- Born: 21 December 1940 Södermanland, Sweden
- Died: 6 January 2020 (aged 79)
- Occupation: biochemistry
- Known for: redox

= Arne Holmgren =

Swedish biochemist (1940–2020)

Arne Holmgren (21 December 1940 — 6 January 2020) was a Swedish biochemist known as a redox pioneer. He studied medicine at Uppsala University in 1962 and became a medical student. He received his Ph.D. in 1968 from the Karolinska Institute (KI) where he became associate professor in 1969, and became a certified doctor in 1974.

In the years 1970-1973, Holmgren was a senior lecturer in medical chemistry and 1973-1982 a research lecturer and assistant professor of medical chemistry. He was appointed professor of medical protein chemistry and enzymology at KI in 1983, and in 1991 professor of biochemistry and director of the Department of Biochemistry at the Medical Nobel Institute, KI.

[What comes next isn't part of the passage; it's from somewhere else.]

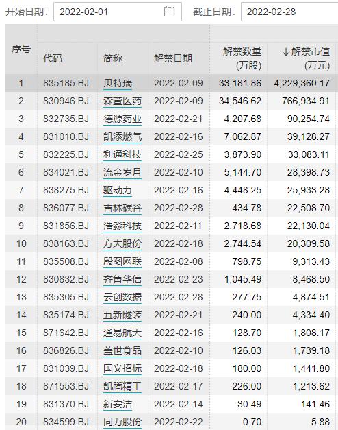 Wind数据显示,2022年2月共有20家北交所上市公司合计10.14亿股限售股解禁,以2月16日收盘价计算,解禁总市值达531.20亿元。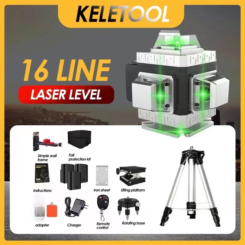 16 line Green Laser Level Self-Leveling 360 Degree Horizontal Vertical Cross Lines Laser Line with Tripod Outdoor

Holmgren's research pioneered the structure and function of thioredoxin and thioredoxin reductase and discovered glutaredoxins. His investigations clarified basic sulphur and selenium-dependent redox mechanisms crucial for DNA synthesis, defence against oxidative stress and redox signalling in all living cells from bacteria to nerve cells. His work remains of particular importance for cancer research and the treatment of infectious diseases and inflammation.

Holmgren was elected in 1991 as a member of the Academy of Sciences and became a member of the Nobel Assembly at the Karolinska Institutet. He was awarded several scientific prizes, including the Thé Svedberg Prize 1979, the Eric K Fernström Prize for Young Researchers at KI 1980, the Eric K Fernström Nordic Prize in Medical Research from Lund University in 1997 for "his pioneering studies of redoxin enzymes of central importance to the cell and life functions ". In 2006, he received the Abraham Spector Prize, Columbia University, New York and the Science and Humanity Prize from The Oxygen Club of California, Santa Barbara. Holmgren became Doctor Honoris causa at the University of Nancy, France in 2009.